When I was ten years old, Jason Rhoades gave me a pump-action air rifle–not strong enough to do any real damage, but summer-defining nonetheless. A few years later, he exhibited a sculpture titled PeaRoe Ramp (from Wastewedge, Part of Impetuous Process, 2002), with Embedded HiFi and Honda XR50 (2003). The ramp was precisely what the long title describes: a bike ramp made of a new material Jason had invented called "PeaRoeFoam" (bright green peas, red fish roe, and small white foam pellets mixed together with glue), with a stereo embedded in it (HiFi). It came with a 50cc miniature Honda dirt bike: a child-sized dirt bike, the kind Jason would have ridden growing up in Northern California.
After the show came down, Jason let me use the little bike all summer. I discovered a hidden path off Otis Lane near my family's house in Bellport, and I rallied around there for months, creating obstacle courses, crashing, and driving again. Then, one day in late August, while I was riding in circles on the lawn, a friend of mine aimed Jason's air rifle at me and fired. I swerved, fell down and became hysterical, screaming incoherently the way children often do when they aren't sure how much pain they're really in. I had a bruise the size of a cherry on my back for weeks.
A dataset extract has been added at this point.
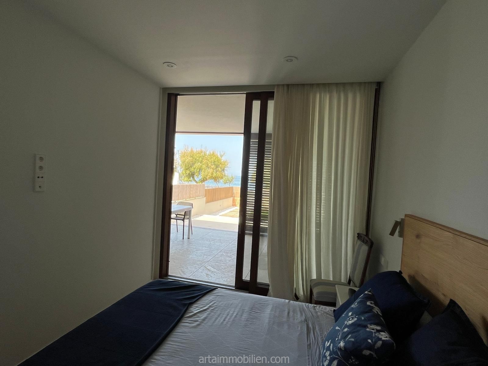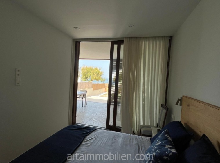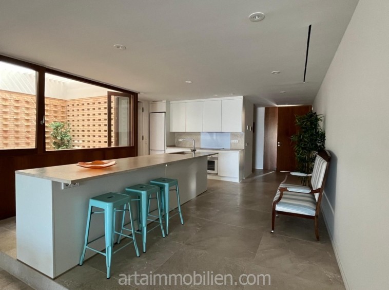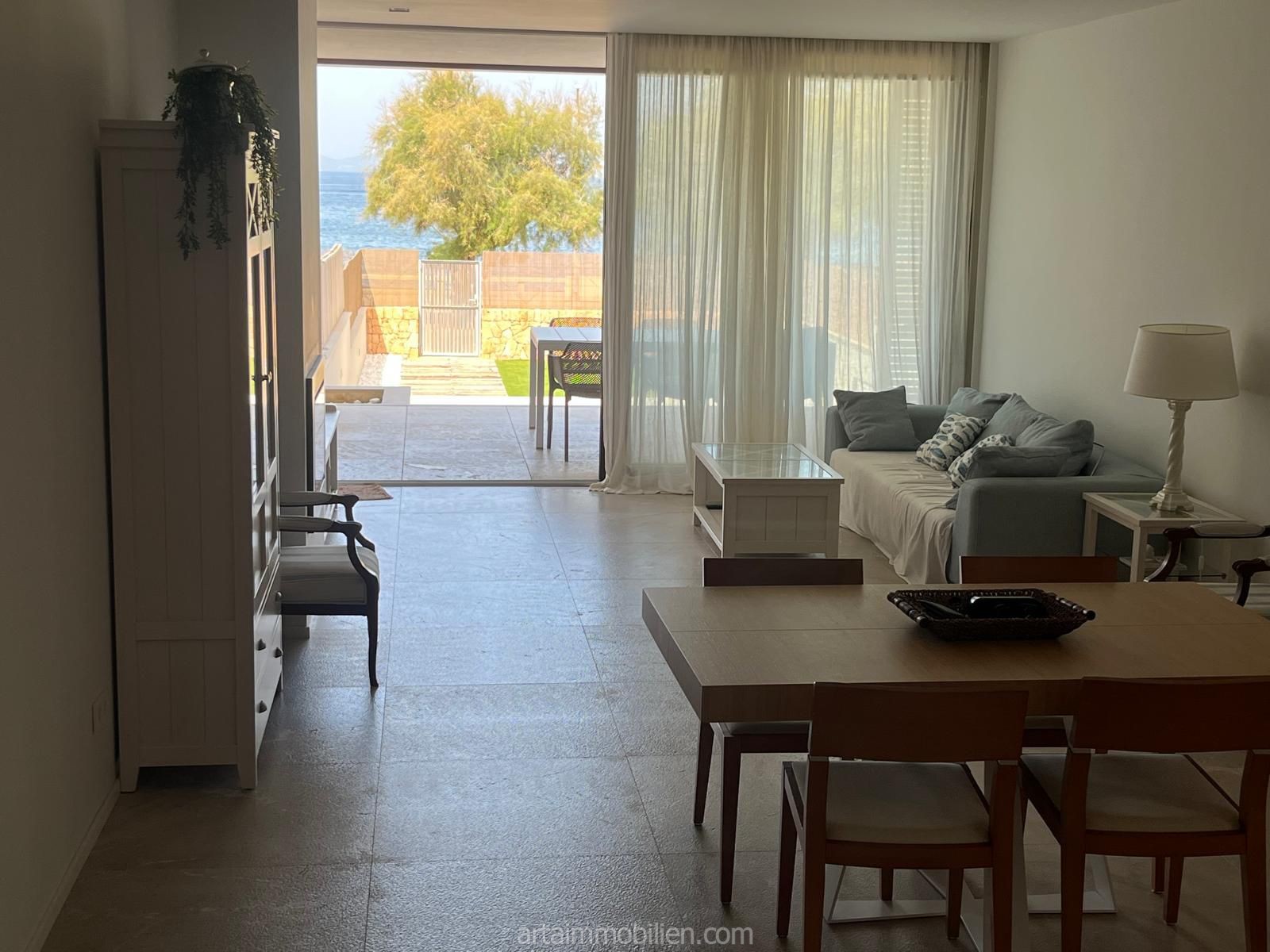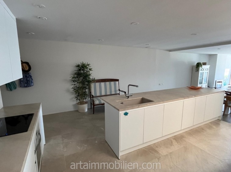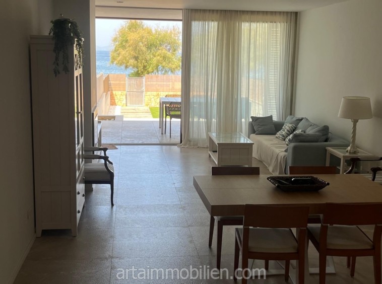 Una sala de estar con chimenea y cocina y comedor abiertos contiguos. Una terraza con vistas al mar en el lado del mar y un balcón en el otro lado y un patio completan este maravilloso apartamento.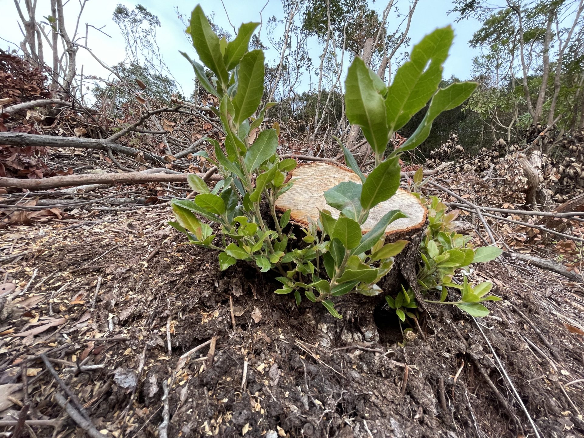 樵木林業の最大の特徴は「択伐矮林更新(たくばつわいりんこうしん)」と呼ばれる伐採技法です。すべてを切る「皆伐」ではなく、胸高直径が約3cm以上の優良な幹だけを選択的に伐採し、細い幹は残します。ウバメガシなどの広葉樹は、杉やヒノキなどの針葉樹と違い、切っても切り株から再び旺盛な若い芽が生えてくる「萌芽更新(ほうがこうしん)」という驚異的な再生能力を持っています。

I never got to tell Jason this story–he died the following summer–but he would have loved it. And in a way, for me, it holds clues to one of the most significant aspects of his work.
Jason loved the seemingly insignificant–chance connections and encounters that present themselves over the course of everyday life. He hunted for them, was always alert to them, and when he found one, he would pour his energy and thought into it until the moment became a system of connections, the system a work of art.